* SOURCE MATERIAL:
_ _ _ _ _

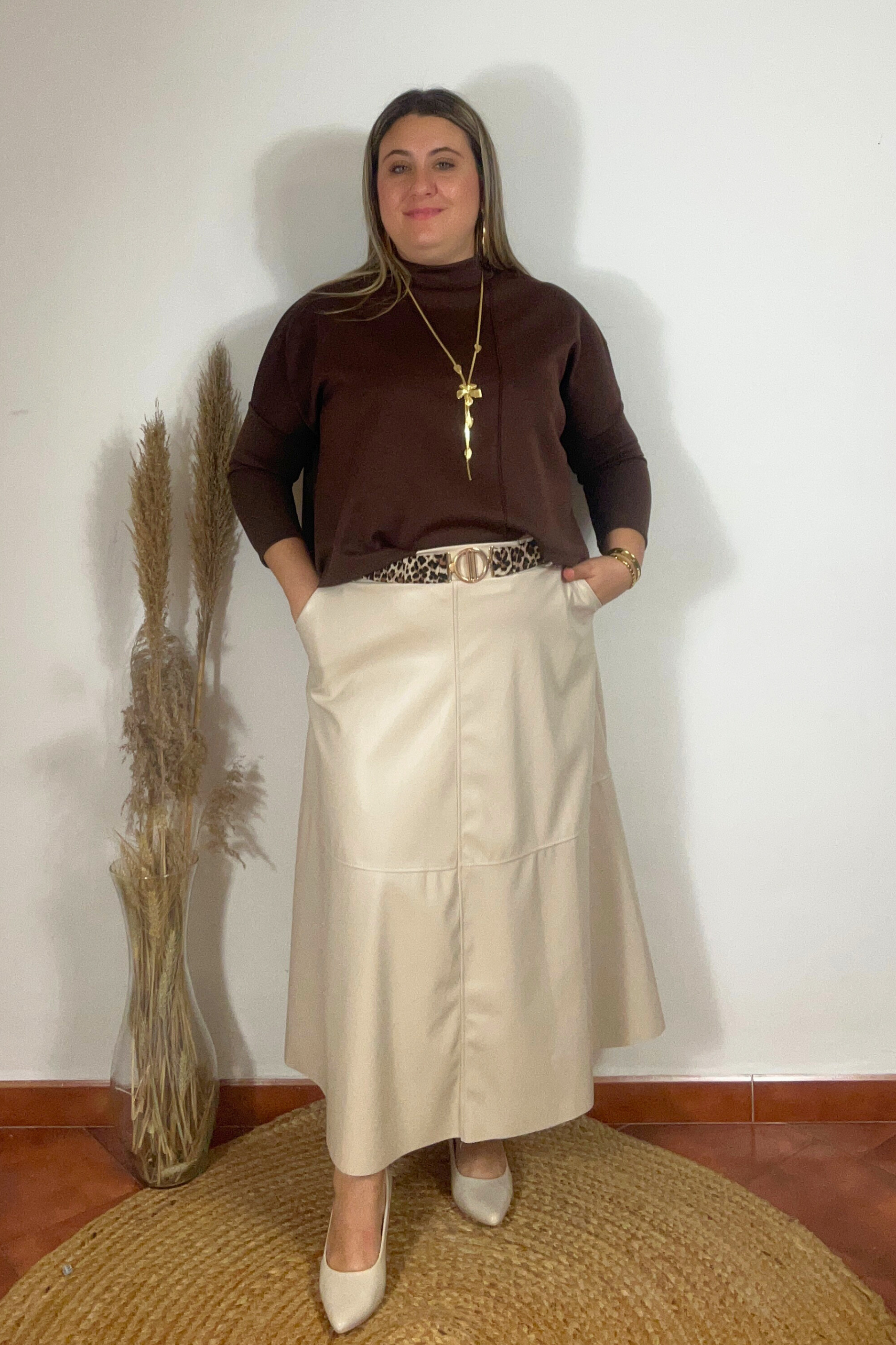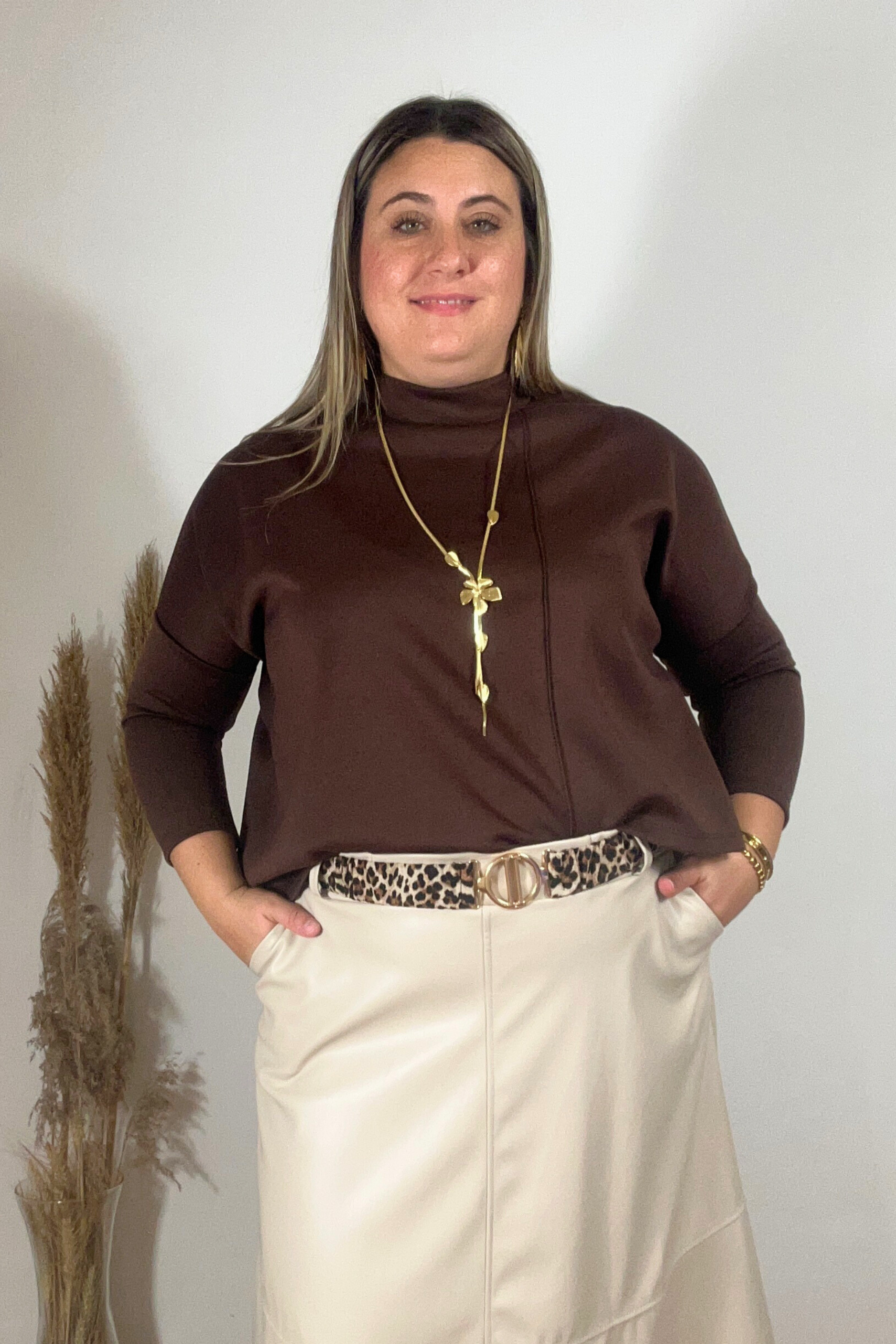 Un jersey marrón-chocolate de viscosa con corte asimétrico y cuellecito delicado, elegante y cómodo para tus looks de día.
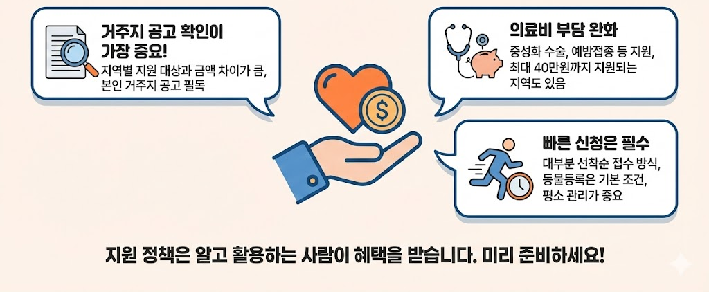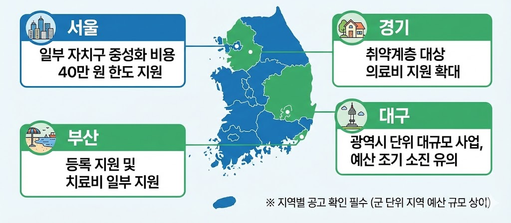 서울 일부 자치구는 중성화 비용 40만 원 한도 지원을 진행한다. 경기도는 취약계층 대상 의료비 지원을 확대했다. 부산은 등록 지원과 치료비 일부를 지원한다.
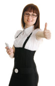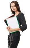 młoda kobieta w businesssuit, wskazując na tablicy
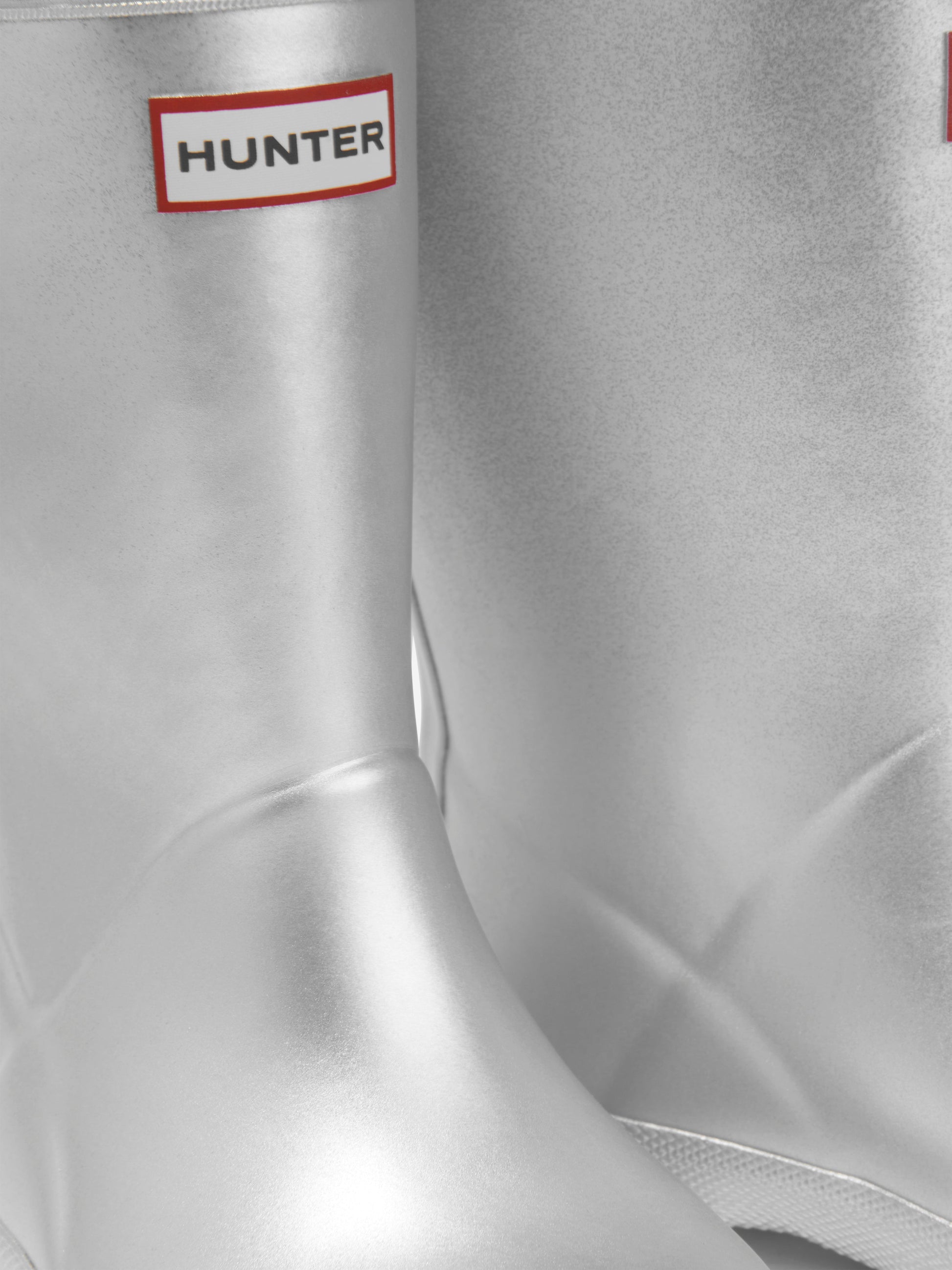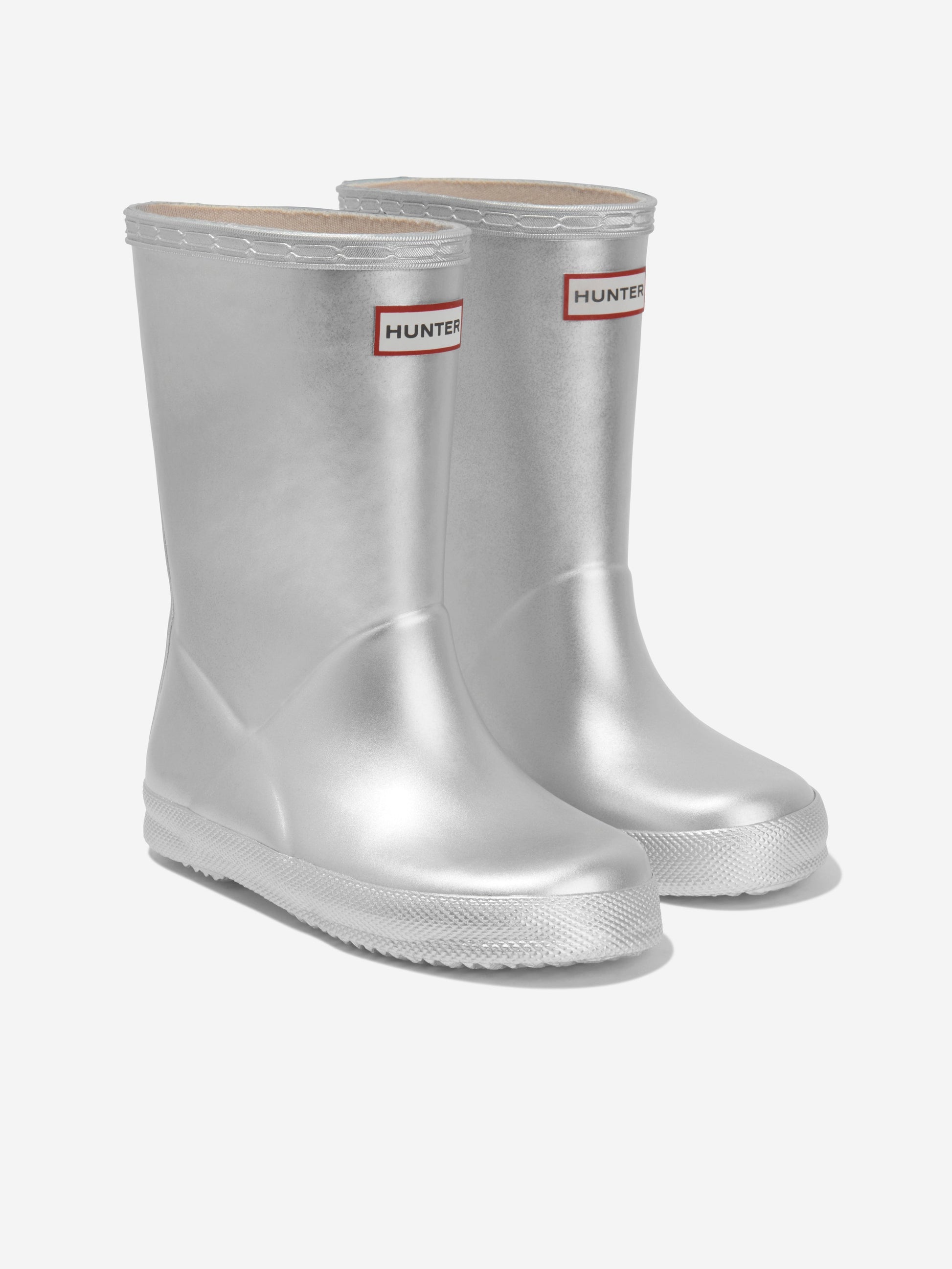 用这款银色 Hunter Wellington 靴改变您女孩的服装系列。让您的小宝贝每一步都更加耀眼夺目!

_ _ _ _ _

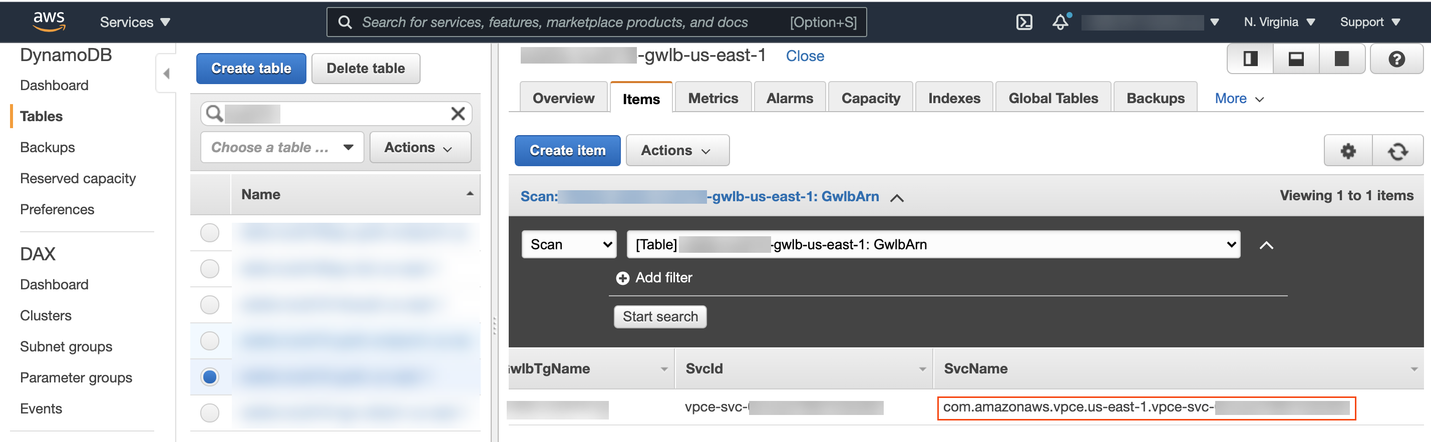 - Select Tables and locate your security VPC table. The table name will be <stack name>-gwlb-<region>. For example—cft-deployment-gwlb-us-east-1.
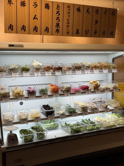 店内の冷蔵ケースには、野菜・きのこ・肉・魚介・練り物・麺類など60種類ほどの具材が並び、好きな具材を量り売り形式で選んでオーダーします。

_ _ _ _ _

* WORK INSTRUCTIONS:
Taking the entries above, extract every line from the one bearing "서울 일부 자치구는 중성화" through the one bearing "用这款银色 Hunter Wellington", exactly, with no pictures.

* ANSWER AREA:
 서울 일부 자치구는 중성화 비용 40만 원 한도 지원을 진행한다. 경기도는 취약계층 대상 의료비 지원을 확대했다. 부산은 등록 지원과 치료비 일부를 지원한다.
 młoda kobieta w businesssuit, wskazując na tablicy
 用这款银色 Hunter Wellington 靴改变您女孩的服装系列。让您的小宝贝每一步都更加耀眼夺目!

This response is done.